The TrackMap project is research by Claudio ࿓ vecna, develped with Tactical Tech, as part of the MyShadow project.
When you access the national media from your country, your Internet connection is being tracked by multiple third parties. And this happens constantly. That's what we aim to illustrate.
Our aim is to show where our data travels when we visit our favorite news websites through a visualization. We are currently looking for people to collaborate with in various countries in the world which would make this project possible.
This repository contains the script and the data source needed to generate our needed data.
The collection of data needs to happen in a distributed way, which means that the script needs to run from each of the selected countries. This is important because the network and the trackers behave differently based on the provenience country of the user.
If the answer is NO: two reasons are possible:
-
No one has review or created the media list, check in this directory and look at the expected format on the bottom of the page. An unverified media list can be present here, if is not, sent to us an email at trackmap at tacticaltech dot org (because we have some not refined list usable as starter) of provide to us list from your own.
-
No one has yet runs the script from your country: In this case, read the sections below
If the answer is YES: perfect, this mean that someone has already run the script: you can still help, because different ISP and different Geographical locations in a country brings different results, having multiple feedback can be useful for further analysis and comparison.
If you're a Media aware citizen, we need a reliable media list for every country. In the chapter above is explained what is important, use git to help us or open an issue.
If you're a Linux user you can help running the script and collecting result from your country. Is needed a distributed effort, because the Internet is perceived differenty from different location. You can run the script explained below, and it will automatically send the results to our hidden service.
The procedure reported use an apt-get based system (Debian/Ubuntu etc), and a couple of experimental option (Vagrant and Docker) RUN THIS TESTS VIA Tor IS POINTLESS: because the important data are obtained via traceroute, and works in a lower level than Tor (also works in UDP, that cannot be anonymised), so if you don't feel safe, just don't contribute. anyway no personal information are collected, your computer is just used to see "how your ISP connects citizen like you"
Tor is used when the script has completed the collection, because we anonymize the users interacting with us.
only tested in Ubuntu (may work in other distribution, but is untested) Create a directory to store the project files and change directory there:
mkdir trackmap
cd trackmap
wget -c https://raw.githubusercontent.com/vecna/helpagainsttrack/master/setup.sh
bash setup.sh
This script uses sudo
to execute some commands, so it will ask for your password when it executes.
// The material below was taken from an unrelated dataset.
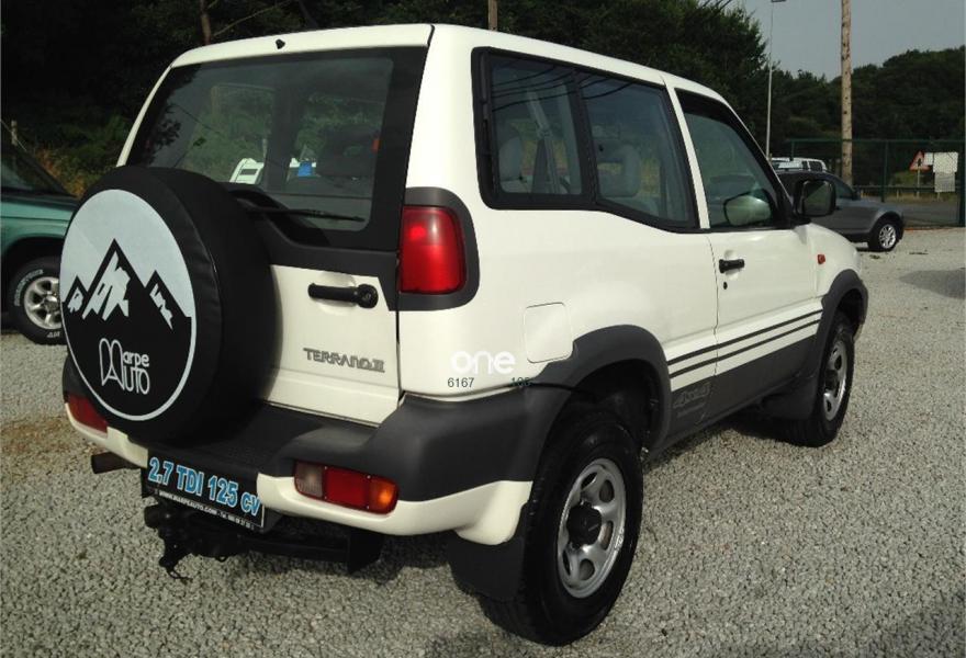 NISSAN Terrano II, Diesel, año 1999, 180000 kilómetros, color Blanco , precio 6000€. Nissan terrano II 2.7 tdi 125cv, todoterreno con traccion 4x4 y reductora, enganche de remolque, 4 ruedas nuevas, itv anual recien pasada, se entrega transferido y con garantia total de un año en nuestro taller. . se admiten cambios. --- WWW. MARPEAUTO. COM --- expo sicion en la LU-530 km 2. 400 ( salida 493 de la autovia A-6 ) en direccion Lugo asolo 800 metros..

The project
scripts are installed in a subdirectory called helpagainsttrack.
If you read "OK" at the end, go to the section Run the test script
Install some base requirements (run with sudo):
sudo apt-get update
sudo apt-get install tor git wget torsocks -y
sudo apt-get install traceroute python-pip gcc python-dev libgeoip-dev -y
sudo apt-get install geoip-database libfontconfig1 -y
sudo pip install GeoIP tldextract termcolor
Create one directory for store the project files:
mkdir trackmap
cd trackmap
wget https://github.com/vecna/helpagainsttrack/archive/master.zip
unzip master.zip
cd helpagainsttrack-master
./fetch_phantomjs.sh
Change directory to the directory where you installed the test script and run:
./perform_analysis.py NAME_OF_YOUR_COUNTRY
If you have not installed phantom 1.9.2 on the path specified above, but are using your distribution's phantomjs, add the option lp (local phantom):
./perform_analysis.py NAME_OF_YOUR_COUNTRY lp
To see a list of countries, just tape something random, the script show the available countries (or check here )
When you've completed the collection, and the script report:
Data collected has been sent, Thank You! :)
you can safely delete the directory trackmap created at the beginning
When the script start asks for four (they are optional, but useful) Information that will never be released:
- Your name: is not important, but if we already known you or meet you in the future, we can say thankyou :)
- Your city: this maybe relevant because results from city very far among, reports different results.
- Your contact: an email or jabber, but is a free text. Put also a GPG fingerprint if you like, can be useful if eventually we've to contact you in the future. very likely, to run again the test.
- Your ISP: if you know it, can be useful, because in the same country different ISP return lightly different results.
Few Bandwidth/CPU/disk resources are needed. Is not possible make a precise estimation, because the executed operations depends directly from the amount of media website under analysis, anyhow, based on the past experience:
- A list with around 200 media site starts for (200 + 50) times a "one time browser". It use 5-10 seconds each. more or less expend 300 Kb for each website ( ~75 megabyte used in download ).
- For every media fetch, 7 to 20 hosts are discovered to be included. the script need process them in such ways:
- every host is resolved in an IPv4 address, this help to minimize duplicated result (happen quite often that different hosts has the same IP address). Depends on the first point, but commonly are between 1400 - 1700 unique hosts. This operation require 40 to 90 minutes.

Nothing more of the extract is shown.